=== What is being asked ===
Starting from the line with "Et depuis peu, il" and going up to and including the line with "Tämä yksittäinen vetolaatikkolämmitin", copy the listing below exactly. Leave all images out.

BEGIN Records provided

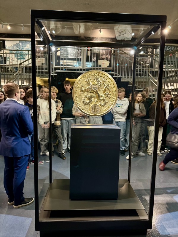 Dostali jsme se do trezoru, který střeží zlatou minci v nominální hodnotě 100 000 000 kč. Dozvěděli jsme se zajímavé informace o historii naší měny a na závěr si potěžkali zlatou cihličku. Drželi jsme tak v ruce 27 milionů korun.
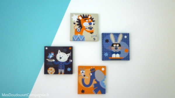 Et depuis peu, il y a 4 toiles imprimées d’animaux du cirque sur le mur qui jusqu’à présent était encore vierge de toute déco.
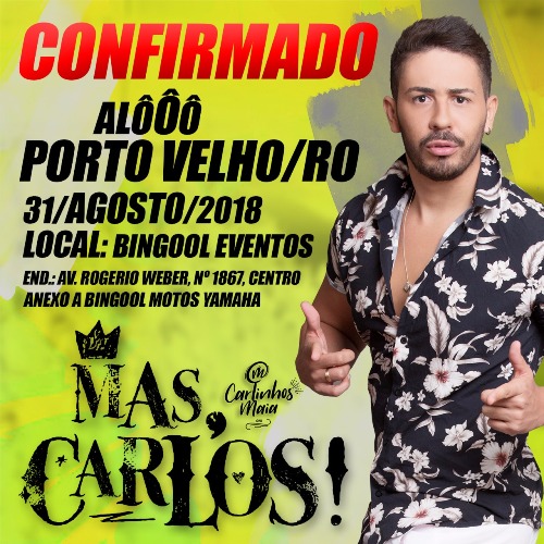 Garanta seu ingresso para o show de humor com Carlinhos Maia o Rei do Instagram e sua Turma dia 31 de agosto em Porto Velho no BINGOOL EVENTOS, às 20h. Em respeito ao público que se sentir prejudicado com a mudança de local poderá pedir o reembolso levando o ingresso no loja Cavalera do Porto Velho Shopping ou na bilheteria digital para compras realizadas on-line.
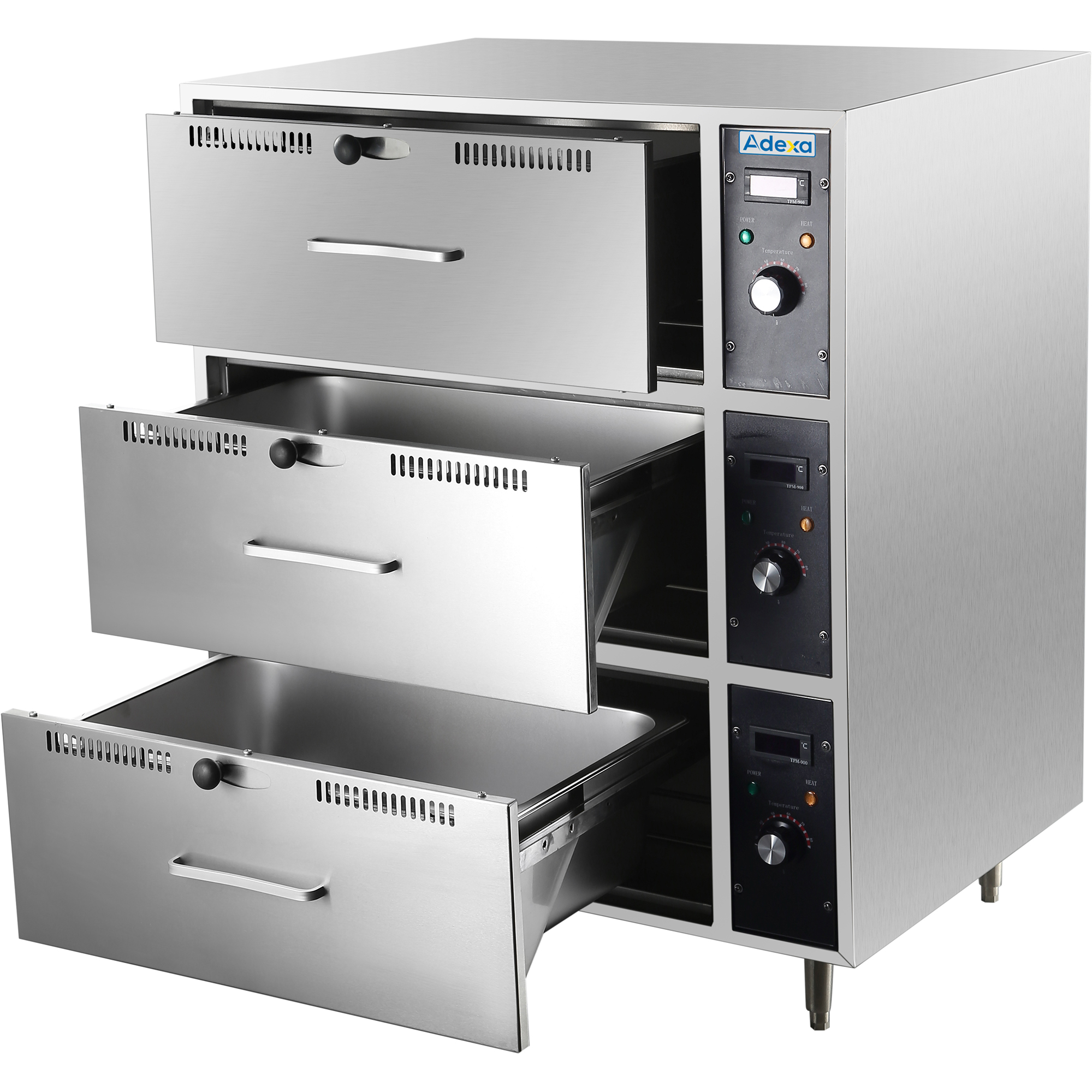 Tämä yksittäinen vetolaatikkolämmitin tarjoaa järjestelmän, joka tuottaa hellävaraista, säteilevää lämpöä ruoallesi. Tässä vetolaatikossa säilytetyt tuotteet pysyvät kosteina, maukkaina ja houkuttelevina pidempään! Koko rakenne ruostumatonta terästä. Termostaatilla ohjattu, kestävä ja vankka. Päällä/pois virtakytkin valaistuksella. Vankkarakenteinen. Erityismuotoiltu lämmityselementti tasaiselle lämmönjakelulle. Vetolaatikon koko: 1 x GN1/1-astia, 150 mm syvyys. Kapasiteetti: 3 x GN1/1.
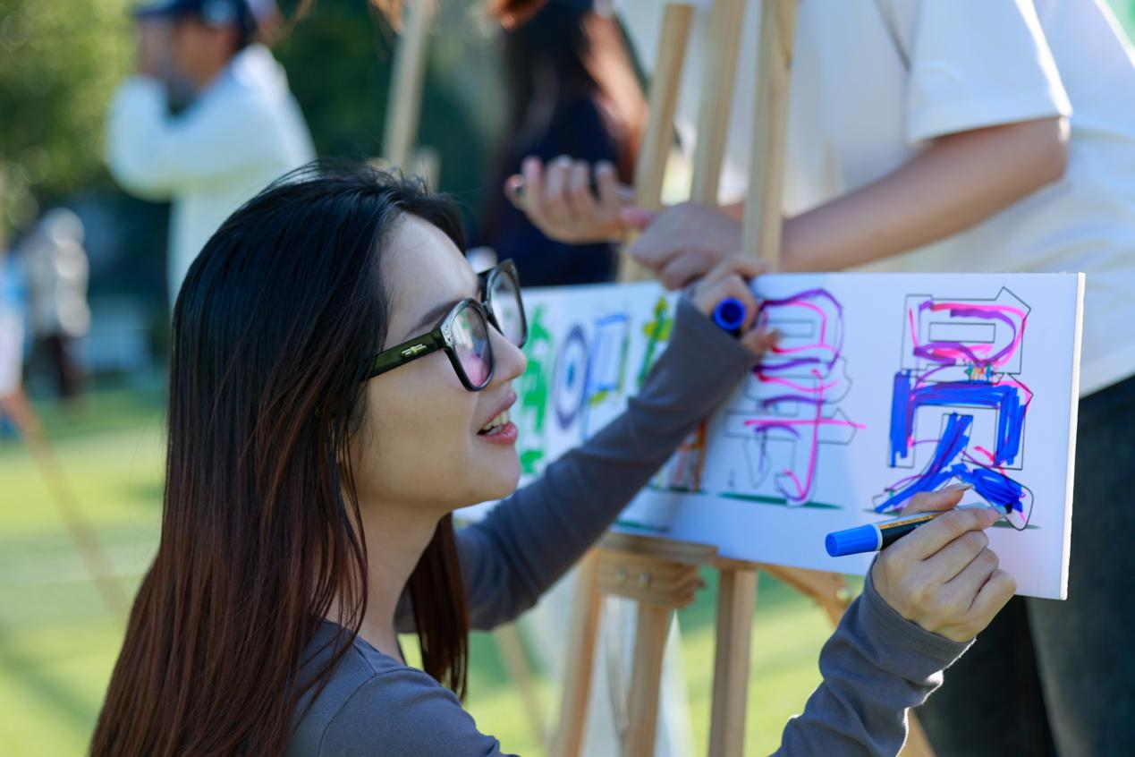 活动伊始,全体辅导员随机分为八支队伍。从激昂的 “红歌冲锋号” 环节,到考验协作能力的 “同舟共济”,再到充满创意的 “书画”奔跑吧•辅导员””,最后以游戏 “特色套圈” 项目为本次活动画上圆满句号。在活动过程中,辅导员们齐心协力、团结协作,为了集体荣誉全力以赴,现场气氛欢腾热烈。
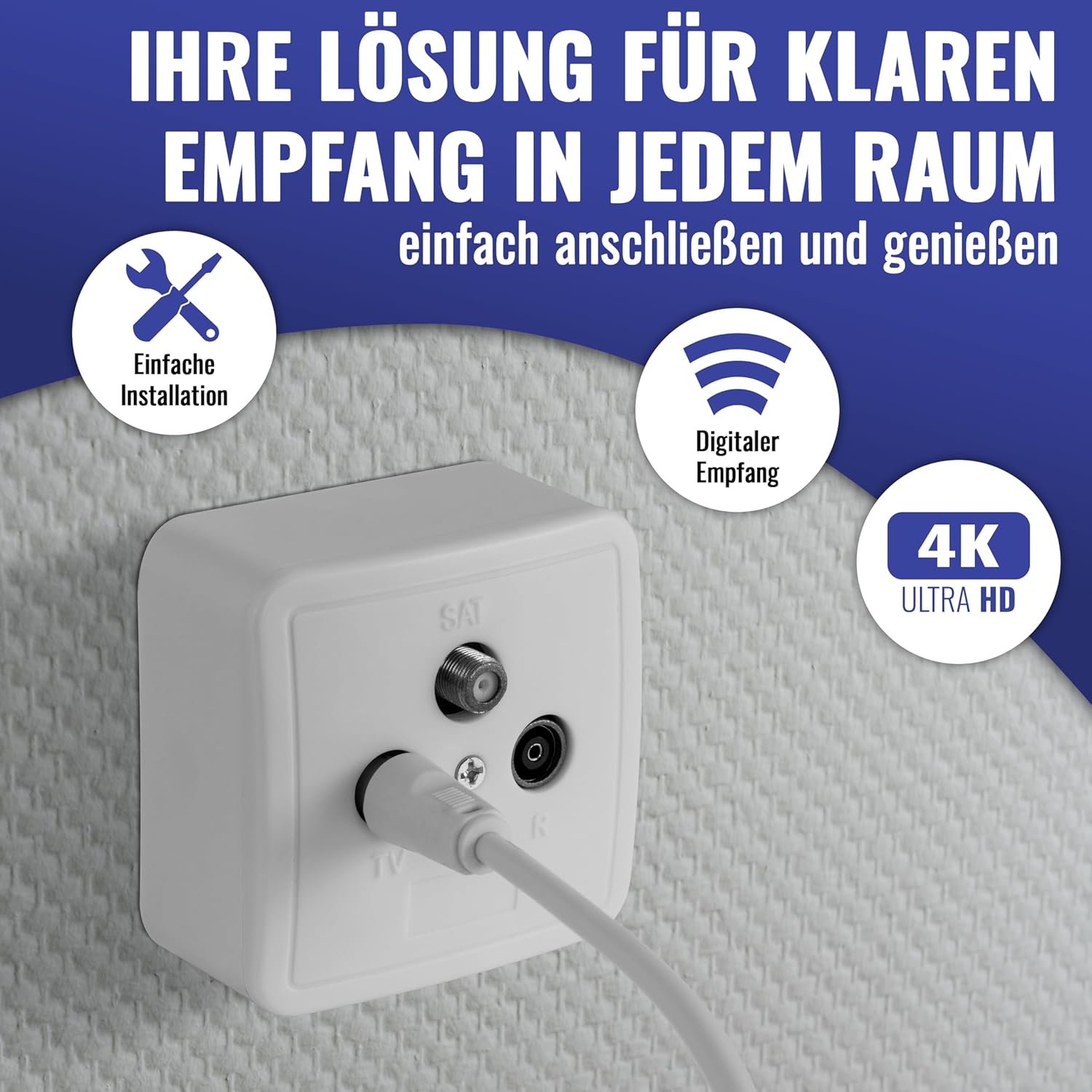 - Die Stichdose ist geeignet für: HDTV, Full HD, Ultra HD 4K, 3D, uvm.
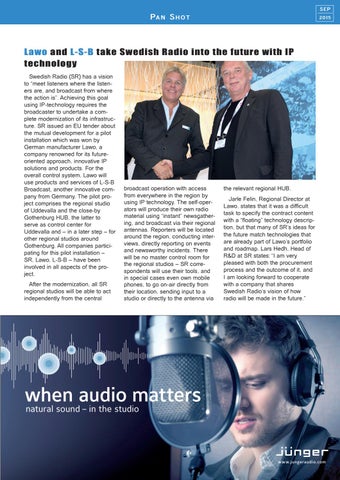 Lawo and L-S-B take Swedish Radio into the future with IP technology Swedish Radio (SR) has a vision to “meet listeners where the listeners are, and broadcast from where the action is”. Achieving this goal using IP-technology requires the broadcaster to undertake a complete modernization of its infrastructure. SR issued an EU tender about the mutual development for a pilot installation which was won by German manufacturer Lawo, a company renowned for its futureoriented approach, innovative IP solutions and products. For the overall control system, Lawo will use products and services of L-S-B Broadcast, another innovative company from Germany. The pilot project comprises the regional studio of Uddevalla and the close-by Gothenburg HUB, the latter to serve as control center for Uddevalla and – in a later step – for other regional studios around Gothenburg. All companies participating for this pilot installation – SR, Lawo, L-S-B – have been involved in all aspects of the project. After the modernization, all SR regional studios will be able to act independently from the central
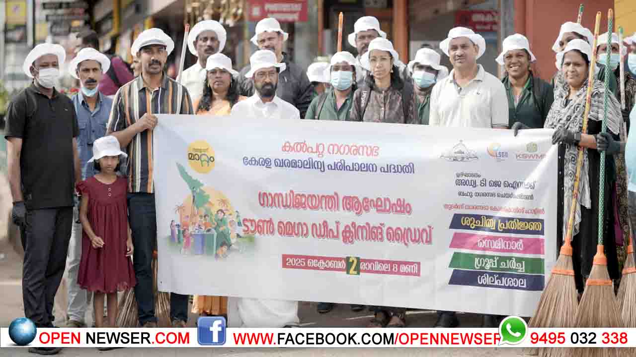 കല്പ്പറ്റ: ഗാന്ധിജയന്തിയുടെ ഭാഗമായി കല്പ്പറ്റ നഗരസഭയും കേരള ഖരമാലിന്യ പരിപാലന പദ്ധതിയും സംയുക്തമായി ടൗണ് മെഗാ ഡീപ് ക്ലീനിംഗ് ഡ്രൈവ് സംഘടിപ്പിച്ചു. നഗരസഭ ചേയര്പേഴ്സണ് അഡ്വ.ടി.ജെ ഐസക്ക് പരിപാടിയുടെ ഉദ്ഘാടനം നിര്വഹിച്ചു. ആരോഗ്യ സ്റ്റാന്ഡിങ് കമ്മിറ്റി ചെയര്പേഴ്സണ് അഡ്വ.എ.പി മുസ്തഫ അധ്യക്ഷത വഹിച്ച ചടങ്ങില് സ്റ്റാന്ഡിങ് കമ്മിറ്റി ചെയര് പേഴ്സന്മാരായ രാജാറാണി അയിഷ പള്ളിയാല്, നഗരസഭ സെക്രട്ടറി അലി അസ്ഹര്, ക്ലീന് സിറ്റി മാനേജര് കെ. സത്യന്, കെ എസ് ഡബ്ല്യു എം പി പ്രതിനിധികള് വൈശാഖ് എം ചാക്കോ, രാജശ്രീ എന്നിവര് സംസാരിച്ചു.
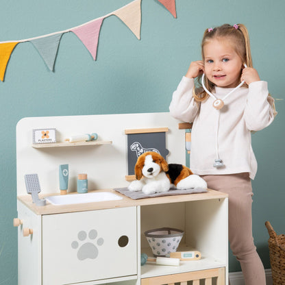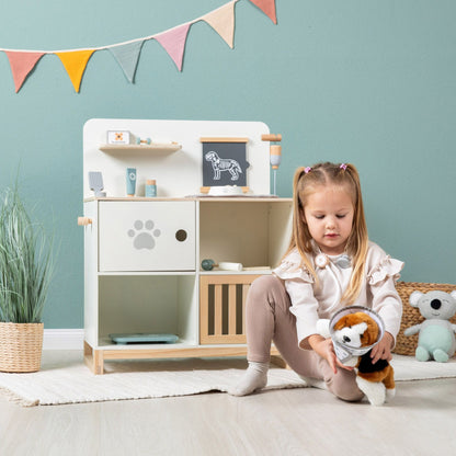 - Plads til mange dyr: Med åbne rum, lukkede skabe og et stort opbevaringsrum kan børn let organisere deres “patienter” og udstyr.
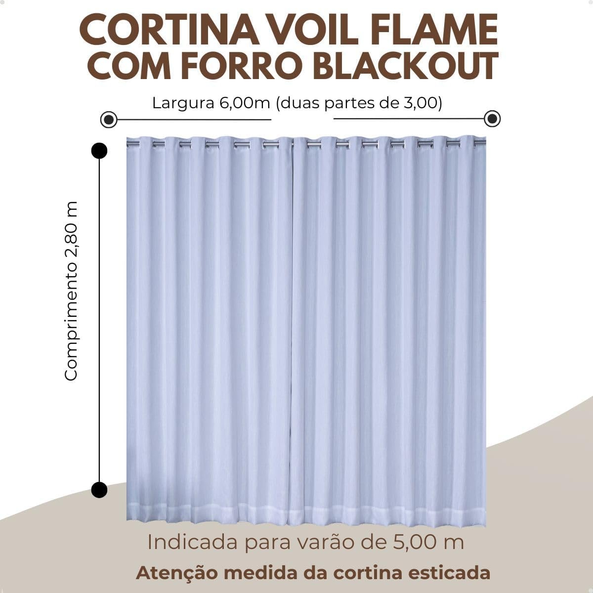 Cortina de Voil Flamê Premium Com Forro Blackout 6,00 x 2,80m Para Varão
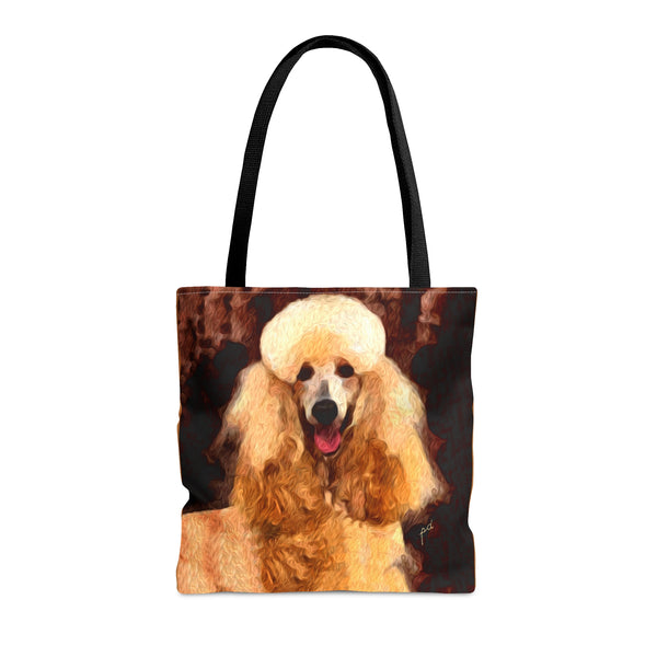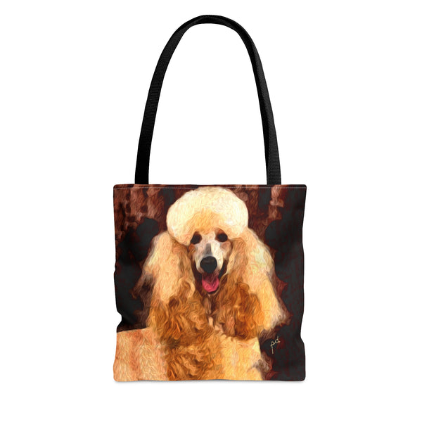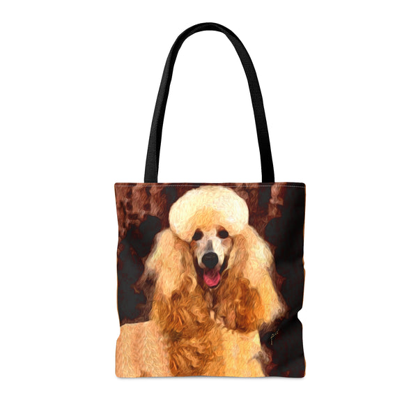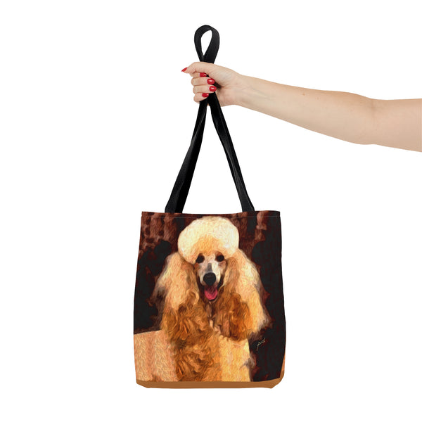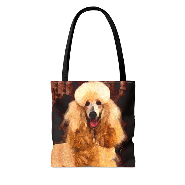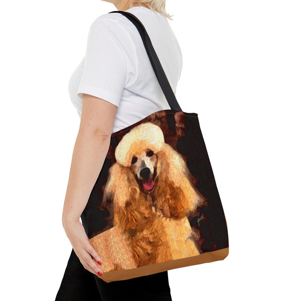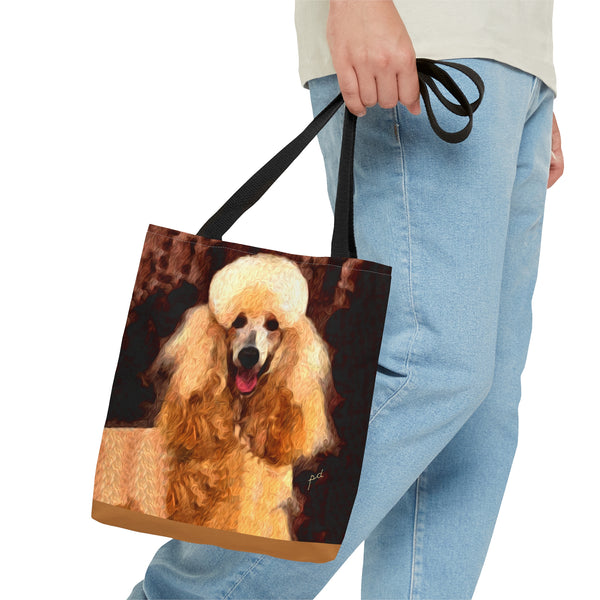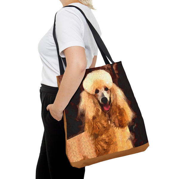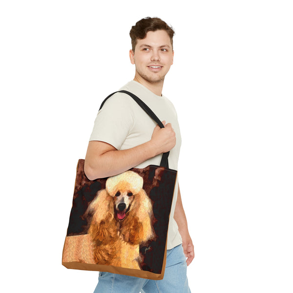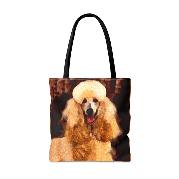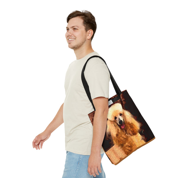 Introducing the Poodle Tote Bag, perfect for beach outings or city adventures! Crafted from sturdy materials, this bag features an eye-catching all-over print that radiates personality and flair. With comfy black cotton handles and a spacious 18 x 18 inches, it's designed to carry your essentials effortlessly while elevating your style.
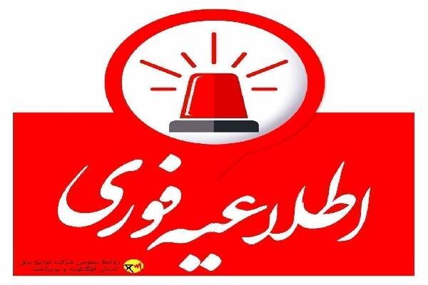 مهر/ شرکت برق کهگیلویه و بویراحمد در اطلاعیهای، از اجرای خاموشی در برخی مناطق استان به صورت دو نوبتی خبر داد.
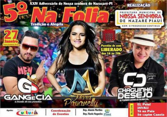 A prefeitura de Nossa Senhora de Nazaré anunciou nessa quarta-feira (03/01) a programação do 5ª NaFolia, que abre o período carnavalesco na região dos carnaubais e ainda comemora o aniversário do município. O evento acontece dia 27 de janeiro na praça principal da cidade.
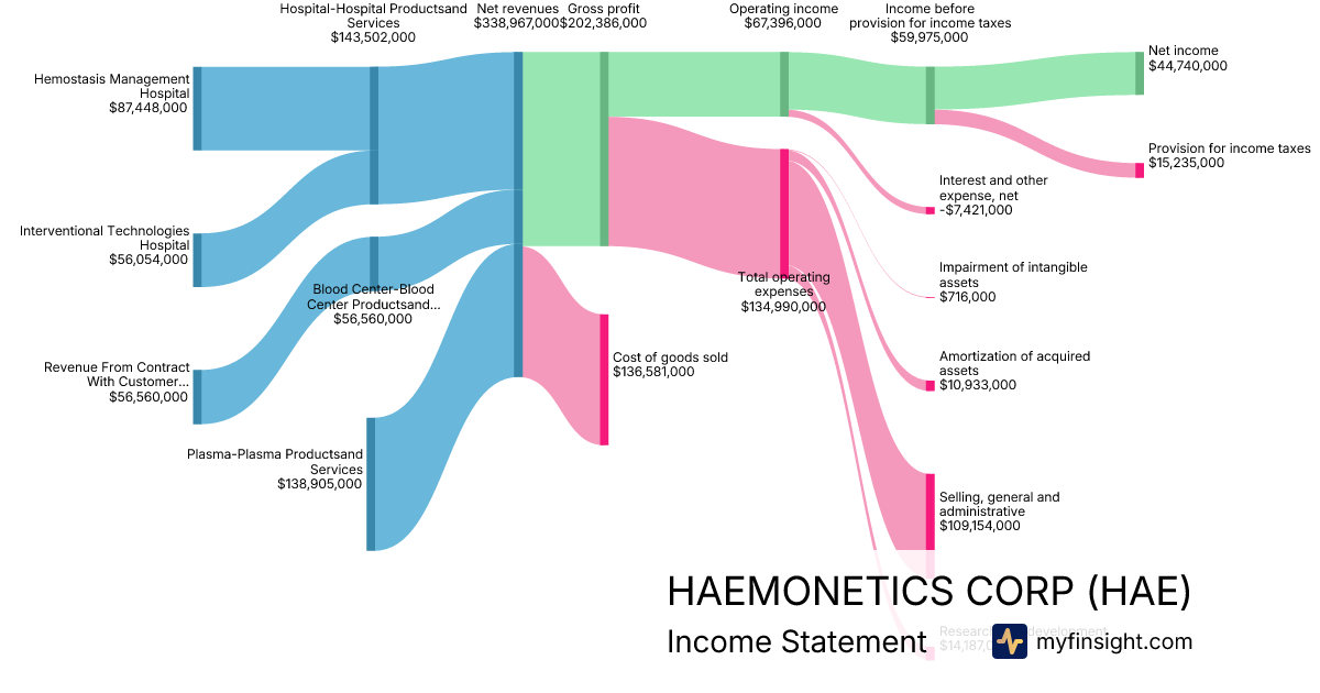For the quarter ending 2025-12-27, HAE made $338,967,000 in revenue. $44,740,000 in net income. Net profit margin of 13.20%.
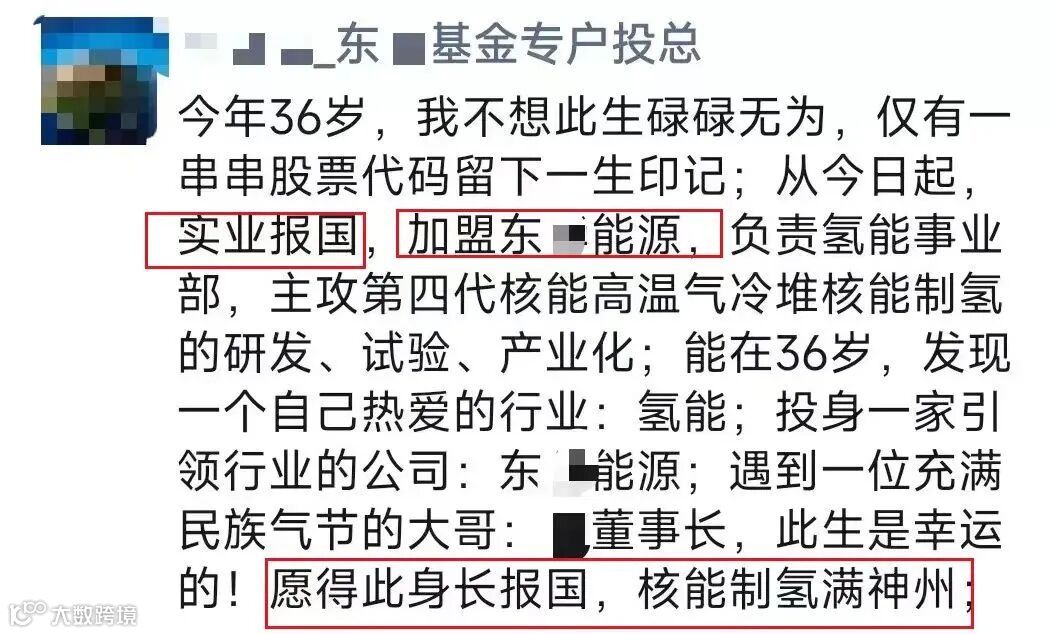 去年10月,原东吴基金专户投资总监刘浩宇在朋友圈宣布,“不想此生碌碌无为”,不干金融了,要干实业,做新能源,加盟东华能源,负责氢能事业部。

END Records provided

=== Answer area ===
 Et depuis peu, il y a 4 toiles imprimées d’animaux du cirque sur le mur qui jusqu’à présent était encore vierge de toute déco.
 Garanta seu ingresso para o show de humor com Carlinhos Maia o Rei do Instagram e sua Turma dia 31 de agosto em Porto Velho no BINGOOL EVENTOS, às 20h. Em respeito ao público que se sentir prejudicado com a mudança de local poderá pedir o reembolso levando o ingresso no loja Cavalera do Porto Velho Shopping ou na bilheteria digital para compras realizadas on-line.
 Tämä yksittäinen vetolaatikkolämmitin tarjoaa järjestelmän, joka tuottaa hellävaraista, säteilevää lämpöä ruoallesi. Tässä vetolaatikossa säilytetyt tuotteet pysyvät kosteina, maukkaina ja houkuttelevina pidempään! Koko rakenne ruostumatonta terästä. Termostaatilla ohjattu, kestävä ja vankka. Päällä/pois virtakytkin valaistuksella. Vankkarakenteinen. Erityismuotoiltu lämmityselementti tasaiselle lämmönjakelulle. Vetolaatikon koko: 1 x GN1/1-astia, 150 mm syvyys. Kapasiteetti: 3 x GN1/1.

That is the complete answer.